Home  >  Article  >  Backend Development  >  How to use np.vstack() and np.hstack() in Python

How to use np.vstack() and np.hstack() in Python

PHPz
PHPzforward
2023-04-18 13:04:032597browse

Here we introduce two methods of splicing arrays:

np.vstack(): stacking in the vertical direction

np.hstack(): tiling in the horizontal direction

import numpy as np
arr1=np.array([1,2,3])
arr2=np.array([4,5,6])
print np.vstack((arr1,arr2))
 
print np.hstack((arr1,arr2))
 
a1=np.array([[1,2],[3,4],[5,6]])
a2=np.array([[7,8],[9,10],[11,12]])
print a1
print a2
print np.hstack((a1,a2))

The results are as follows:

[[1 2 3]
[4 5 6]]
[1 2 3 4 5 6]
[[ 1 2]
[3 4]
[5 6]]
[[ 7 8]
[ 9 10]
[11 12]]
[[ 1 2 7 8 ]
[ 3 4 9 10]
[ 5 6 11 12]]

It needs to be emphasized here that when applying hstack, I was doing assignment1 on cs231n , I always get errors here in hstack! Only then did I realize that my previous studies were very superficial!

(1)np.hstack()

Function prototype: numpy.hstack(tup)

where tup is the sequence of arrays, tup: sequence of ndarrays

The arrays must have the same shape along all but the second axis,except 1-D arrays which can be any length.

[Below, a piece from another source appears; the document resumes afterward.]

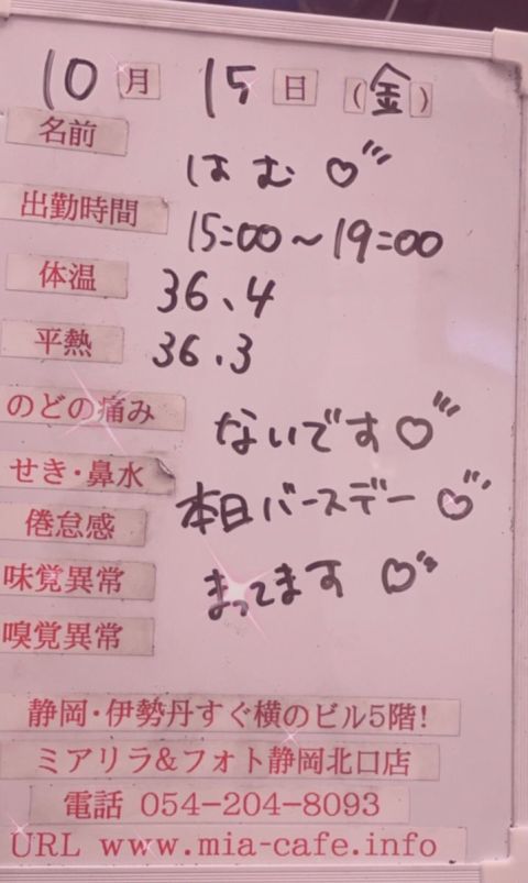 | 営業時間 | 静岡店は出勤スタッフがいれば営業です! 基本的に 12時~22時が営業時間です! ●静岡店のツイッター @shizuokamaidsan https://twitter.com/shizuokamaidsan ●ミア静岡店の営業曜日&営業時間● ☆月〜木 14:00〜22:00(最終受付20:00) ☆金曜日 12:00〜22:00(最終受付21:00) ☆土・日・祝 12:00〜22:00(最終受付21:00) 営業時間外はオンライン予約にてお願いいたします。 PC・携帯共通 → http://m-kanzume.moo.jp/yoyaku2/user.cgi ●ミアガイド出勤状況● スマホ・PC → 後日公開予定 ★静岡店スタッフによるミア甲府店でのメイドカフェリアル営業★ ☆不定期 サイトにてご確認ください。 http://market.chu.jp/schedule1/sche37.cgi | ||||||||||||||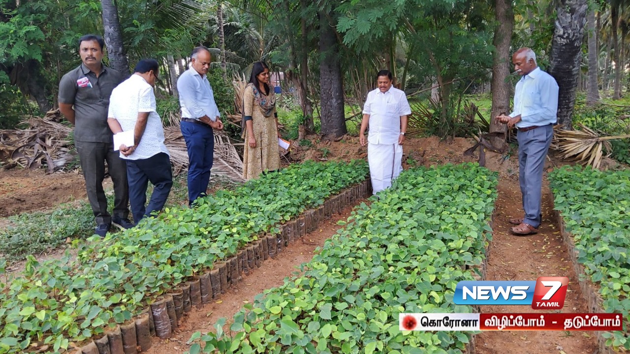 காஞ்சிபுரம் மாவட்டம் குன்றத்தூர் ஒன்றியம் கரசங்கால் ஊராட்சியில் உள்ள நாற்றங்கால் பண்ணையில் தமிழக வனத்துறை அமைச்சர் ராமச்சந்திரன் மாவட்ட ஊராட்சி குழு தலைவர் படப்பை மனோகரன் ஒன்றிய குழு பெருந்தலைவர் சரஸ்வதி, சென்னை மண்டல

Equivalent to: np .concatenate(tup, axis=1)

Example 1:

import numpy as np
brr1=np.array([1,2,3,4,55,6,7,77,8,9,99])
brr1_folds=np.array_split(brr1,3)
print brr1_folds
print brr1_folds[0:2]+brr1_folds[1:3]
print np.hstack((brr1_folds[:2]+brr1_folds[1:3]))
print brr1_folds[0:2]
print brr1_folds[1:3]
#print np.hstack((brr1_folds[0:2],brr1_folds[1:3]))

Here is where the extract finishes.